Расставшись в час ночи с Виолеттой, Огородников подъехал к зданию Центрального телеграфа. Там на лестнице его ждал Шуз Жеребятников. Странная фигура. Седая артистическая грива падала на плечи тяжеловеса, а на глаза была надвинута блатная восьмиклинка. Они вошли в зал междугородних переговоров, где, несмотря на поздний час, полно было еще армян и грузин. – Шуз, не падай в обморок. Завтра я могу оказаться «за бугром». Шуз, чье имя в начале тридцатых годов произведено было восторженными родителями от дивного словосочетания «Школа-Университет-Завод», в обморок не упал.
– С концами? – спросил он. Узнав, что не «с концами», просто кивнул, но видно было, что рад.
– Шуз, у меня командировочное удостоверение, в принципе прохожу без досмотра. Может быть, рискнуть и сволочь «Изюм»?

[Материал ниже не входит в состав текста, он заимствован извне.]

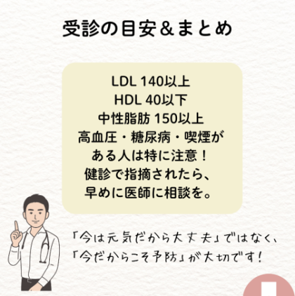 ※ 数値だけでなく、年齢・喫煙・血圧・糖代謝・家族歴などを合わせて総合的に評価します。健診結果は放置せず、早めに生活を見直しましょう。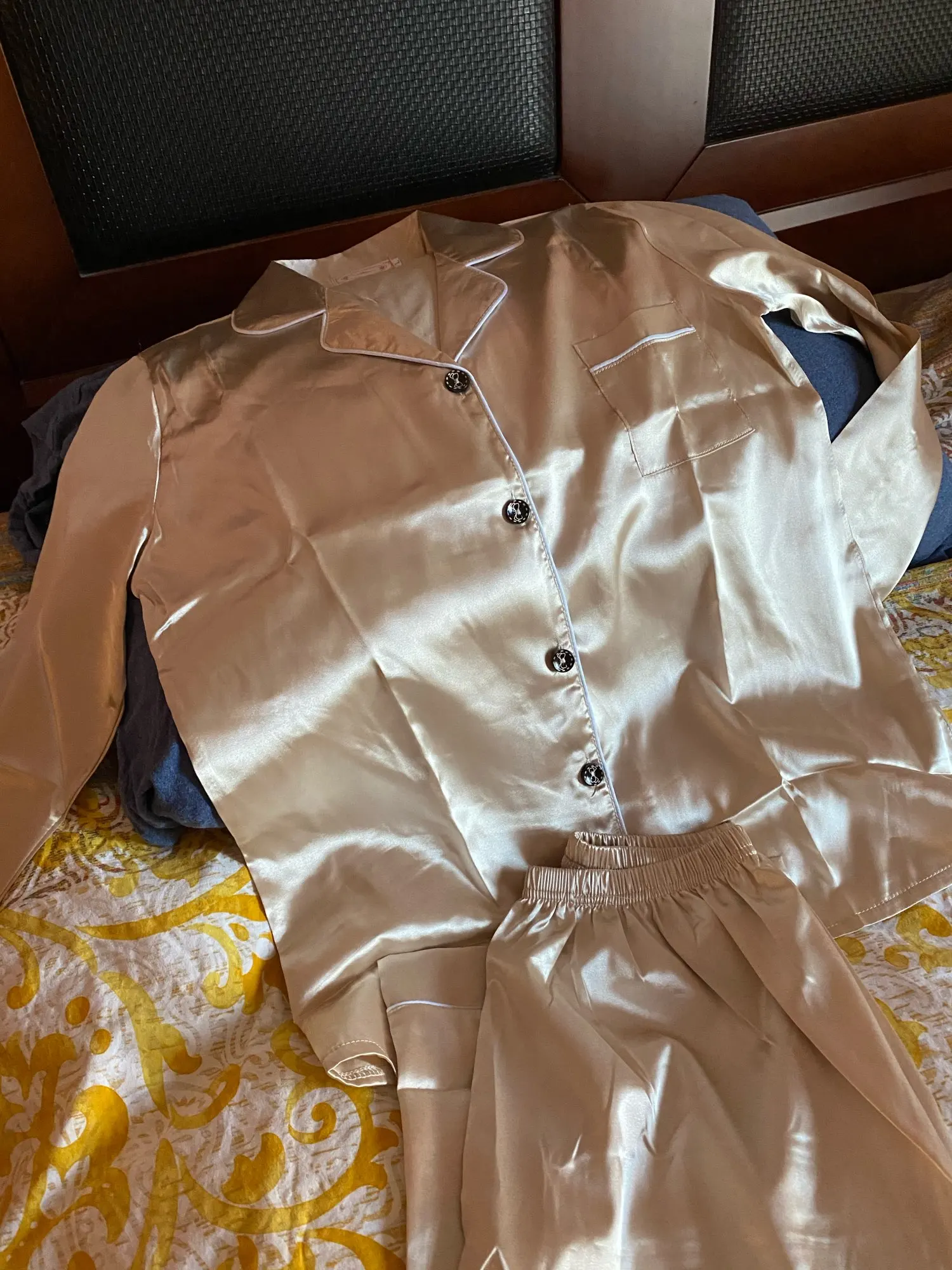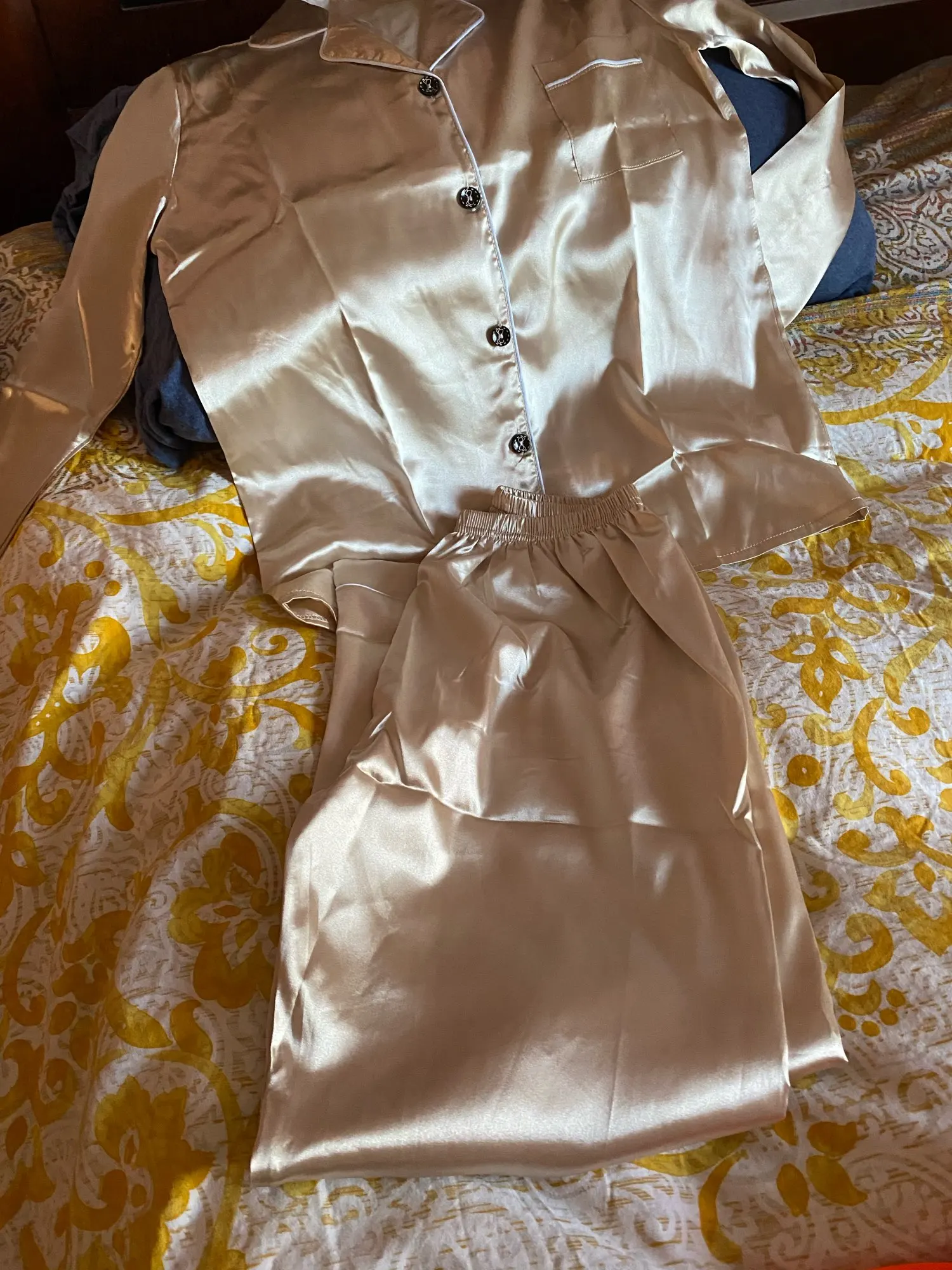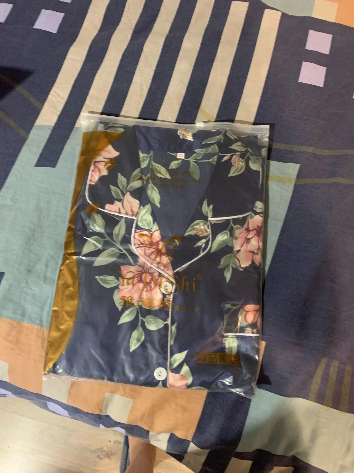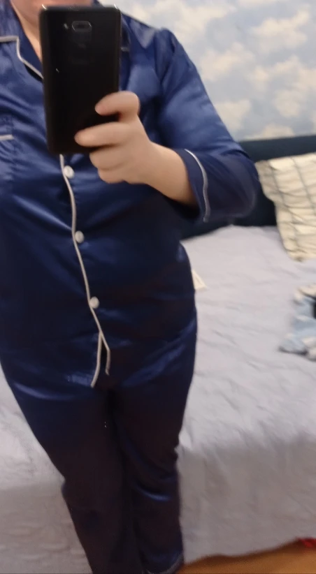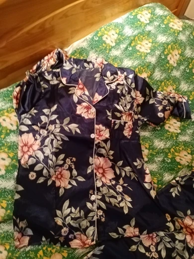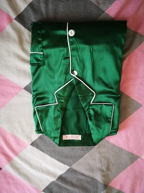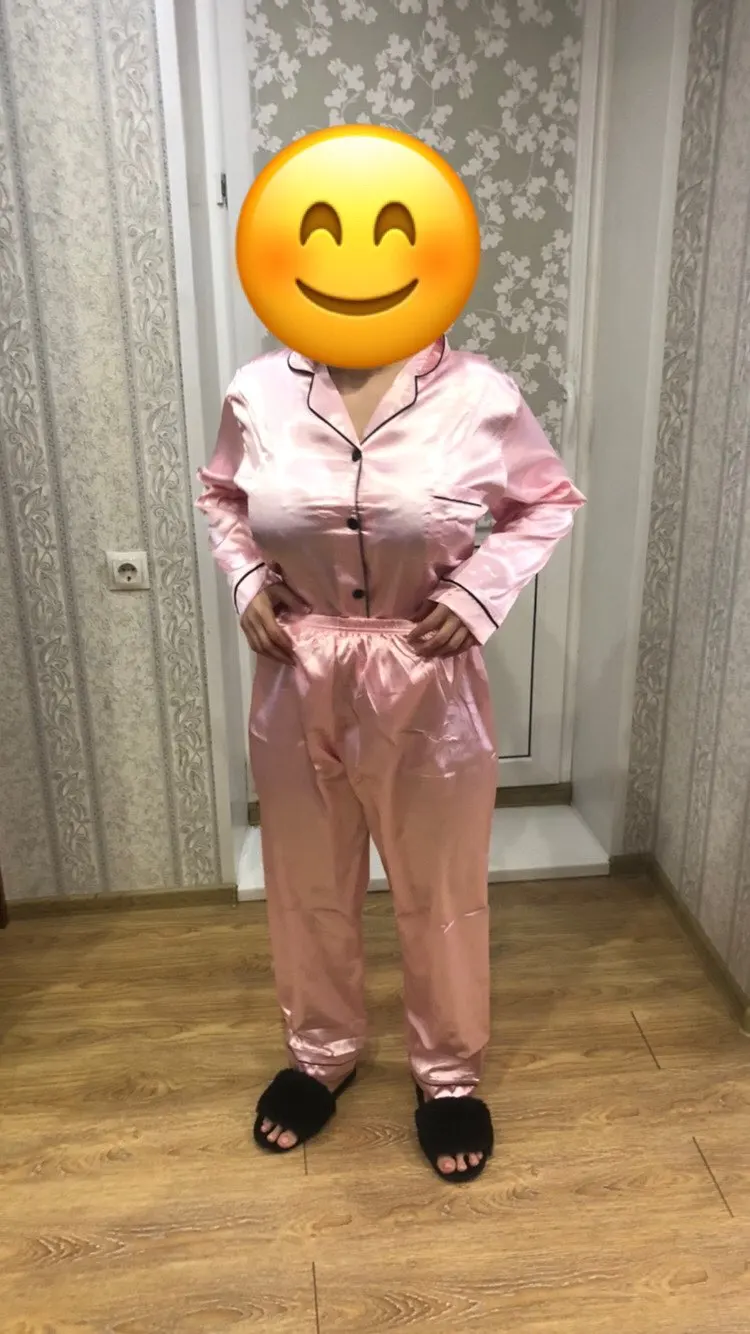 Пижама класс. Не шёлк, но очень хорошего качества. Сшито аккуратно и качественно. На рост 160, размер 34. Подошла L-ка. Резинка у штанов очень тугая, на узкую талию и пуговки не очень понравились. Но в целом цена-качество супер.с продавцом не общалась, товар быстро пришёл до европы

Он коротко рассказал дружку, как все сложилось и как протекает в настоящий момент. Похоже, что меня закружила какая-то везуха, а «фишка» сейчас раскручивается в другую сторону. Конечно, валить на нахалку через кордон с альбомом под мышкой рискованная игра, но, с другой стороны, второго такого случая явно не будет.
Дорогущее кожаное пальто прибавляло Шузу монументальности. Некоторое время он стоял молча, напоминая что-то из советской классики, потом вдруг спросил совсем «не по делу»:
– Фраер, а ты Стаське дал знать, что линяешь?
Огородников ахнул – законная жена забыта! Кандидат наук по гляциологии Анастасия предпочитала уменьшительное Стася, однако законный супруг называл ее Настей. Месяцами она сидела в своих горных экспедициях и, естественно, супругом забывалась. Что поделаешь, равнинные и высокогорные люди, увы, далеки друг от друга. Когда в ясную погоду с Эльбруса смотришь вниз, ужасаешься скоплениям копоти даже в близлежащих долинах, что уж говорить о мерзости городов. Третий месяц Анастасия жила в академическом поселке долины Азау, и, честно говоря, наш герой попросту забыл о существовании своей шестой уже законной жены, нет, простите, увы, уже седьмой, если считать Викторию Гурьевну и Л. Васильеву. Стыдно, конечно, но в данный момент, может быть, ее и не стоило бы вспоминать по соображениям конспирации. Шуз, однако, распорядился иначе. Повсюду в Москве у него были друзья, и переговорная станция не исключение. Обойдя грузино-армянскую очередь, он пошептался с какой-то телефонисточкой и через пять минут крикнул Огородникову:
– Иди в одиннадцатую кабину!
Стася, сказал Огородников, это тебя «левак» беспокоит. Мы завтра выезжаем на западный склон Памира, и я хотел уточнить дату симпозиума.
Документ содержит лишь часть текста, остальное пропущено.